Tampons are best if you…

✓ are not sensitive to organic materials
don’t mind changing every couple of hours, especially with a heavy flow
✓ don’t often get yeast infections or BV

Pass if you…

✗ are uncomfortable having a product in your body
are concerned about bacterial infections like TSS
✗ recently gave birth
✗ get frequent yeast infections or BV
don’t have the ability to change the product every 4 hours
✗ the thought of pee or poo string grosses you out
are tired of buying and storing different absorbency tampons


Ease of use: ★★★★✰

Change frequency: Every 12 hours

Sizes: One size fits most

Activity level: High 💪 💪 💪

Where do they go? In the vagina, around the cervix

What are menstrual discs?

Menstrual discs are one of the newest period products on the market. There are a few brands out there, but Flex Discs™ are made with medical-grade polymers that make them body-safe and hypoallergenic. Plus, they are non-porous which means they won’t mess with your vagina’s natural flora/pH or host toxic bacteria. 

Menstrual discs sit around the cervix in the widest part of the vaginal canal called the vaginal fornix. It’s the widest part of the vagina with fewer nerve endings.
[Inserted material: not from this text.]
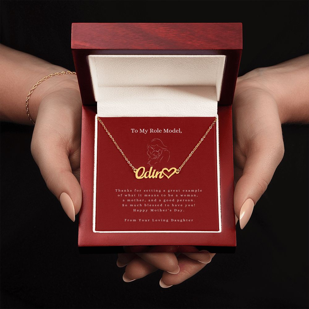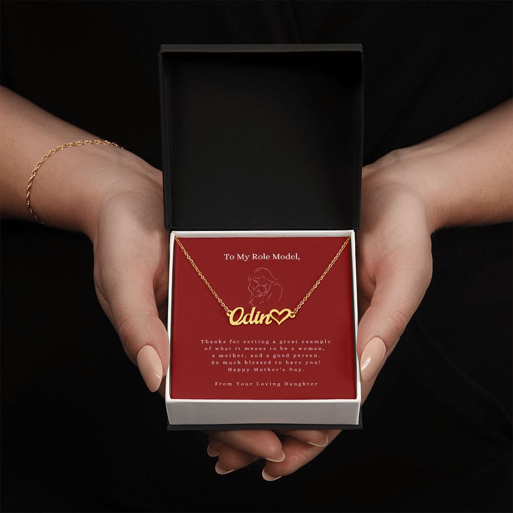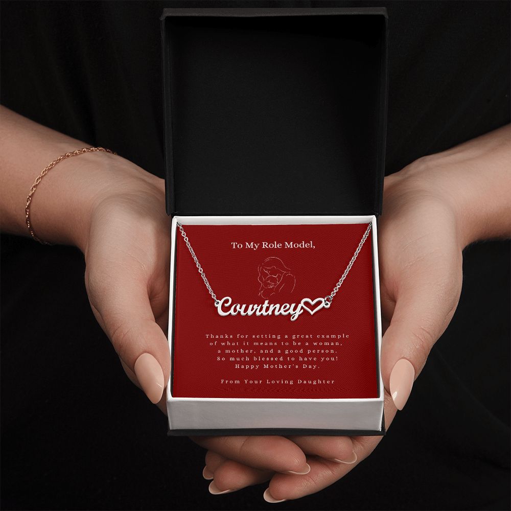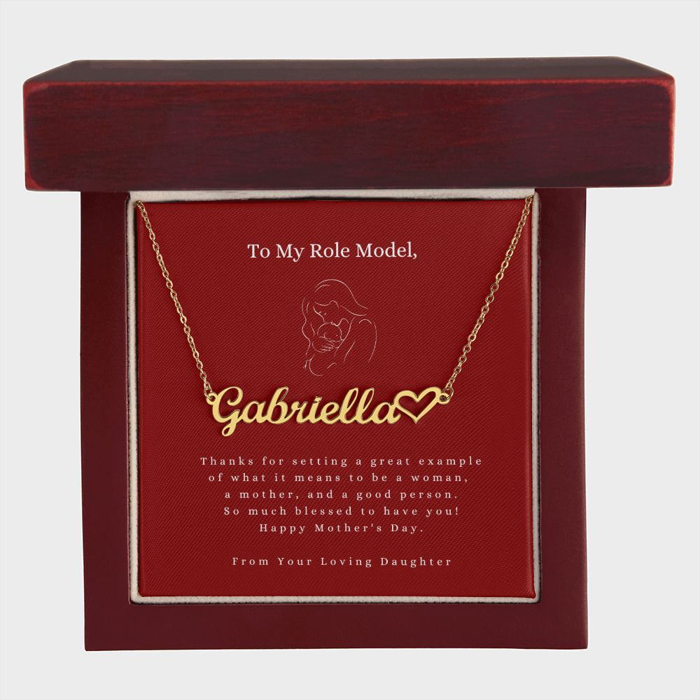 Custom Heart Name Necklace with Line Art Red Message Card - For Mothers

Because of where it sits and what it is made of, the disc collects period blood and doesn’t expand or press on the vaginal walls, essentially making it more comfortable for many menstruators than tampons and has even shown to reduce cramps in surveyed users. Plus, menstrual discs can be worn safely for up to 12 hours, allowing you to sleep in, work out, without having to make constant trips to the bathroom.

Compared to tampons, some menstrual discs, like Flex Disc can hold 5+ super tampons worth of menstrual blood. With one size, you won’t have to worry about buying multiple-sized products if you have a light, medium, or heavy flow as the disc can hold it all.

Menstrual discs are inserted and removed by hand (there’s no applicator or string for removal). But unlike tampons, they glide in and out even on your lightest days. If you’re worried about touching menstrual blood, try taking your disc out in the shower to make it easy. If you’re someone that always likes to have a backup, menstrual discs can also be worn with period underwear (period panties).

Another plus is that there are both disposable and reusable options available. For example, Flex Reusable Disc can hold 6+ super tampons’ worth of period blood and it can last for years.

Menstrual discs are best if you…

✓ want a product that you can wear for a full day (up to 12 hours!)
✓ want to reduce the risk of Toxic Shock Syndrome (TSS)
✓ are sensitive to tampons
✓ get frequent yeast infections or BV from organic tampons
want one product for all your flows (light, medium, or heavy flow) or if you have PCOS or endometriosis
✓ are going swimming
want to have period sex without period blood getting in the way
✓ hope to reduce extra period pain as they are designed to reduce cramps

Pass if you…

✗ are uncomfortable with having a product in your body
✗ are not comfortable touching your body

This article is informational only and is not offered as medical advice, nor does it substitute for a consultation with your physician. If you have any gynecological/medical concerns or conditions, please consult your physician.